Imo recruits 2,000 civil servants, harps on productivity, others
Imo State governor, Rochas Okorocha, has charged the newly engaged 2,000 civil servants in the state to work towards repositioning the state civil service to greatness.
He urged them to driven by productivity, digitisation, efficiency and effectiveness and cautioned that he would not tolerate idleness, truancy, gossip and sharp practices, vices he said his administration inherited from past governments.
Okorocha stated this at the induction of the new graduate employees, held at the Imo Trade and Investment Centre, Owerri, the state capital.
To ensure that the new civil servants appear neatly and smartly dressed, he announced a wardrobe allowance of N10, 000 each and directed that their salaries be paid up to August depending on when they assumed duty.
He explained that he had to injecting fresh blood into the system to make the civil service system more functional and result-oriented, and take it from analogue civil service to a digital one.
In line with his administration’s job creation drive, he noted that about 1,000 of the new recruits would be deployed to the 27 local councils of the state, while the others will be posted to the state’s civil service to strengthen its work force.
His words: “I am excited over the joy I see on your faces for the little thing the government has done for you.

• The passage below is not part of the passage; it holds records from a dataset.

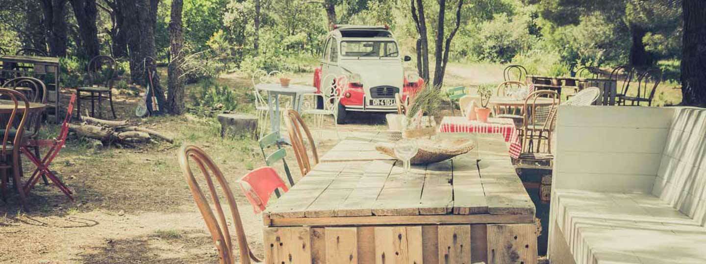 Dans une logique de préservation de la nature et de la biodiversité, nous n'avons rien modifié sur la propriété, le restaurant s'accorde en harmonie avec la nature. Les arbres, la végétation, les éléments naturels font partie intégrante de l'identité du restaurant. La nature est au cœur du projet.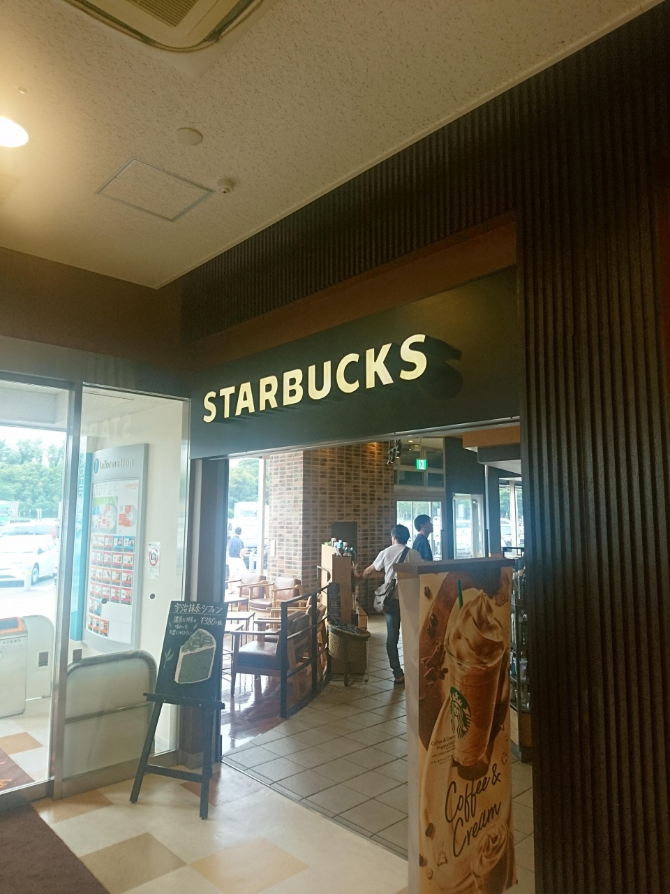 高速道路のサービスエリアにはスターバックスコーヒーは定番的な存在になっている。ここ東名高速道路下り線の足柄サービスエリアにも、出入口の一番目立つ場所にある。ここで買って喫煙所でカフェを飲みながらタバコが吸うことがいつものパターン。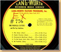 Lang-Worth Recorded Music Service AS-07776 The Padilla Sisters & The Gay Caballeros |

I am very happy to note that you are happy that your government has remembered you. This will become a new page in your life.
“This is the beginning of a new story in your life. You remain now the only pivot upon which the engine of any given government must rotate. Politicians come and go, governors come and go, but the civil servants remain.”
Okorocha restated the state civil service was rustic and analog and out of tune with the modern world, adding that the newly recruited employees would rejuvenate the state civil service and bring in new ideas, vision and also make it compliant with technology.
The governor, who regretted that the state work force was not up to 5 per cent, said the 2,000 new entrants who are computer literate, urged the new employees to make a difference in the service.
He lamented that on assumption of office in 2011, he met a civil service with outdated ways of doing things, stressing that he would ensure that the state is rid of old the ways of working.